Небольшая доля этой дополнительной энергии расходуется на обслуживание самой ДНК – лишь 2 % энергетического бюджета одноклеточного организма идет на репликацию. По данным Фрэнка Гарольда, старейшего деятеля микробиологической биоэнергетики (и моего героя – хотя наши взгляды не всегда совпадают), на синтез белков клетки тратят целых 80 % энергии. Это потому, что клетки состоят в основном из белков; примерно половина сухого веса бактерии приходится на белки. К тому же производить белки дорого: они представляют собой цепочки аминокислот, соединенных пептидной связью. На каждую пептидную связь нужно затратить по меньшей мере 5 АТФ (это впятеро больше, чем требуется для полимеризации нуклеотидов в ДНК). К тому же каждый белок производится в тысячах копий. Они изнашиваются, их все время нужно чинить и обновлять. В первом приближении энергетическая стоимость жизни клетки близка к стоимости производства белков. Каждый белок кодируется одним геном. Если предположить, что все гены кодируют белки (так и есть – за вычетом различий в экспрессии генов), то чем больше генов в геноме, тем дороже обходится белковый синтез. Это подтверждается простым подсчетом рибосом (“фабрики” в клетках по производству белка), так как между числом рибосом и масштабами синтеза белка есть прямое соответствие. У среднестатистической бактерии E. coli примерно 13 тыс. рибосом. Минимум 13 млн рибосом (то есть в 1–10 тыс. раз больше) содержит единственная клетка печени.
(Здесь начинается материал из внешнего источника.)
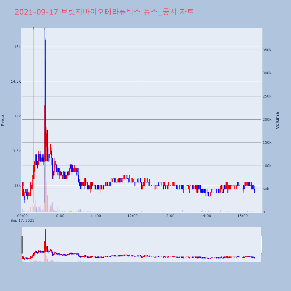 | 2 | 브릿지바이오테라퓨틱스, +12.30% VI 발동브릿지바이오테라퓨틱스(288330)가 VI가 발동했다. | 조선경제 | 브릿지바이오테라퓨틱스 | 2021-09-17 09:36:17 |

В среднем в клетке бактерий около 5 тыс. генов, в клетке эукариот – от 20 до 40 тыс. (у всем известных инфузорий вдвое больше генов, чем у нас). У эукариот на один ген в среднем приходится в 1200 раз больше энергии, чем в среднем у прокариот. Если мы не ошибаемся, оценивая бактериальный геном в 5 тыс. генов, а эукариотический – в 20 тыс. генов, то количество энергии на ген у бактерий примерно в 5 тыс. раз меньше. Иными словами, эукариоты могут поддерживать в 5 тыс. раз более крупный геном, чем бактерии; могут тратить в 5 тыс. раз больше АТФ на экспрессию каждого гена (например, производя больше копий каждого белка) – или же они могут совмещать две стратегии, что и происходит. “Подумаешь! – скажете вы. – Эукариоты в 15 тыс. раз крупнее. Им нужно чем-то заполнять избыток объема, и это главным образом белок”. Эти сравнения имеют смысл лишь в том случае, если в отношении объемов клеток мы также правы. Мысленно увеличим бактерию до средних эукариотических размеров и рассчитаем, сколько энергии в этом случае она будет тратить на каждый ген. Вы можете подумать, что более крупная бактерия будет располагать большим количеством АТФ. Это так, но ей нужно синтезировать много белков, что требует более масштабных затрат АТФ. Общий баланс зависит от того, как именно эти факторы соотносятся. Мы вычислили, что для бактерий плата за то, чтобы быть крупнее, очень высока: размер имеет значение – и, в случае бактерий, “больше” не значит “лучше”. Напротив, у гигантской бактерии на один ген будет приходиться в 200 тыс. раз меньше энергии, чем у эукариотической клетки того же размера. В этом-то все дело.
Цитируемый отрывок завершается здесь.